I then discovered that my code for counting TX data / delimiter underruns was totally incorrect - it's possible to see both a data/delimiter underrun error _with_ a valid transmitting frame. What was going on was cute - the hardware would start transmitting an aggregate frame but the DMA wouldn't keep up during said transmission and half way through the frame it would underrun. This only happened at higher MCS rates.

So making shorter aggregate frames fixed it, as well as increasing the delimiter count between frames. Both had the effect of reducing the likelihood of the NIC failing to transmit a longer aggregate. But they weren't solutions.

So I went digging. What I found was pretty simple in theory: the PCI latency timer on the NIC was being set to something appropriate (0xa8) but the PCI latency timer on the cardbus PCI bridge itself was not (0x20.) So any other bus activity would cause the NIC to not get the bus and it'd miss its DMA window.

Once I manually fixed the PCI bridge latency timer to be 0xa8, everything returned to normal.

However - there's only one thing on this PCI bridge - the cardbus interface itself. That's why it's so kooky. I would've thought that I'd have to up the value on the rest of the PCI bridges up to the root complex. There's no latency timer for PCIe, so it's not a problem there. So there's likely some very subtle timing involved that's just plain broken by default on how the BIOS initialises this cardbus slot and FreeBSD is not overriding it.
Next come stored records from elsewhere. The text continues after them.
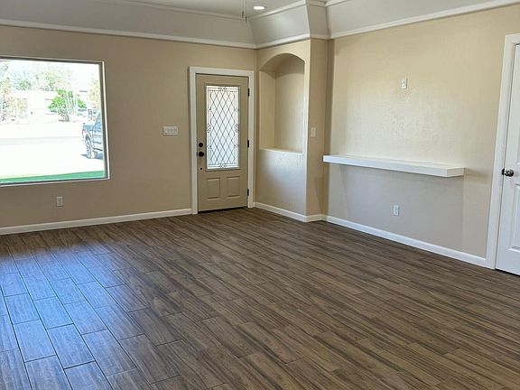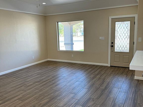 Beautiful single story new home features a great room, dining room, gorgeous kitchen with granite countertops, stainless steel appliances, with a gas cook-top, microwave, dishwasher, island, & pantry. Primary suite has walk-in closet & 3/4 bath with walk-in shower and double vanities. Two more bedrooms and one full bathroom. Custom details throughout the house to include plenty of storage, wood tile flooring, a poxy flooring in garage, unique rod iron gates, etc. Home features large backyard with so much potential. RV parking available on the side of the home.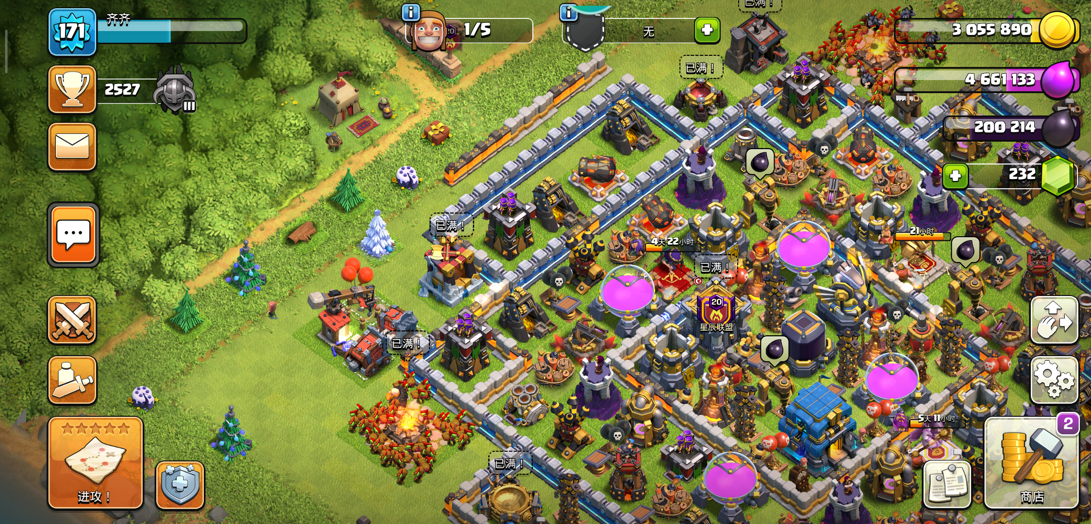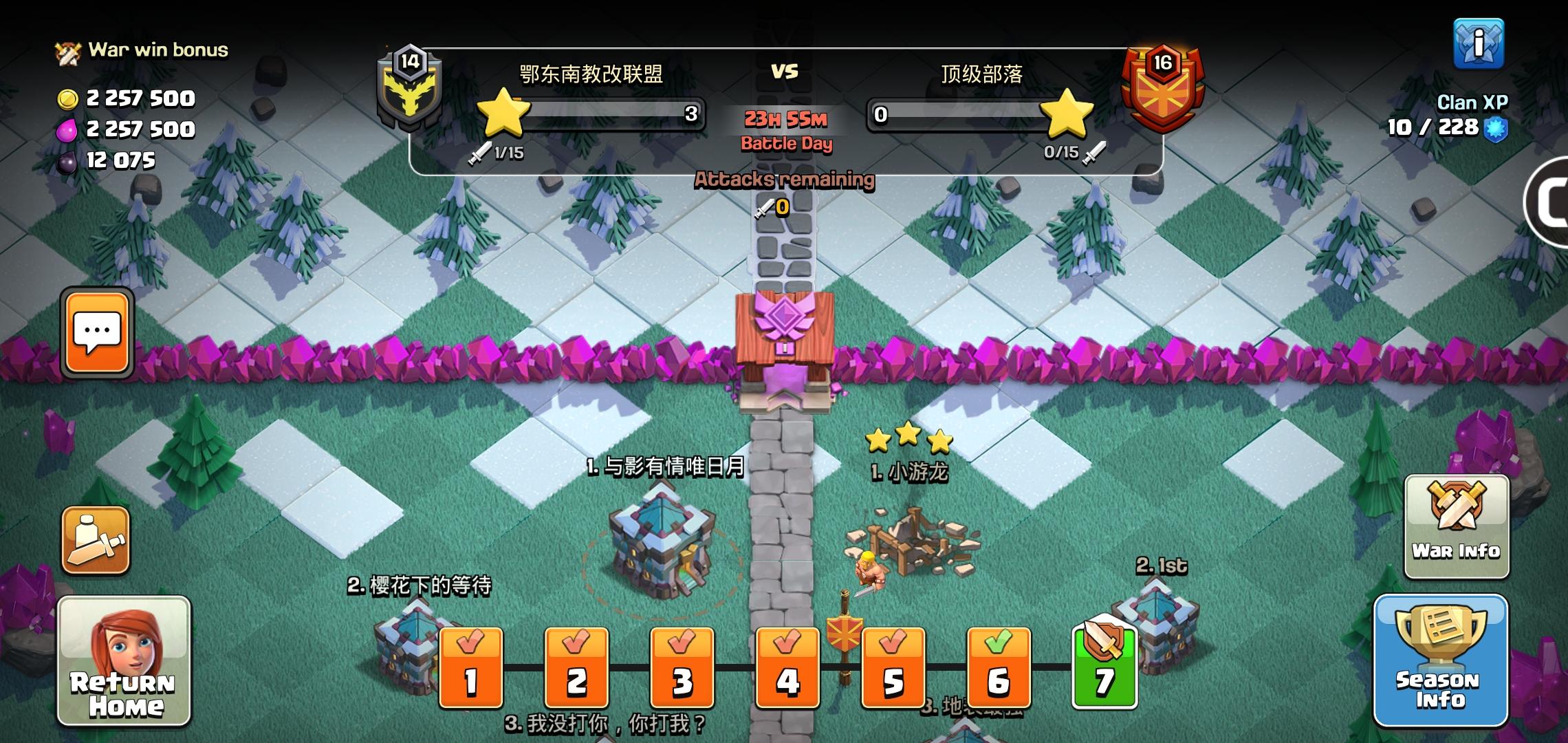 四角: 全景上下角:我玩这个游戏有四 五年了 。刚一开始有那些节日礼物什么的会清理掉,随后听朋友说尽量留着,留个纪念嘛!后来想想也对,然后又想把四周弄成树木,这也是个乐趣哈哈 因为你也不知道下次刷障碍刷在哪里,不行的就清理了。唉 昨天的大扫荡搞得挺凶的!我部落的有个被封号了。。吓得我赶紧通知群里其他人 哈哈哈 被封了就不好受了,毕竟玩了好几年了,也有感情了。官方这样一棒子打死一群人感觉不怎么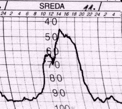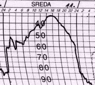 praktično na nič. V preglednici so le polurna povprečja. Za primerjavo, normalno pošlje Sonce na vrh

Now, if you see crappy performance on the PCI/cardbus 802.11n NICs in FreeBSD, you can check the output of 'athstats' to see if you do see TX underruns of any sort. If you are, the hardware isn't meeting the DMA deadlines it needs to DMA out frames and you need to do some further digging into your system to see why.

Be careful of adding debugging, as microseconds count..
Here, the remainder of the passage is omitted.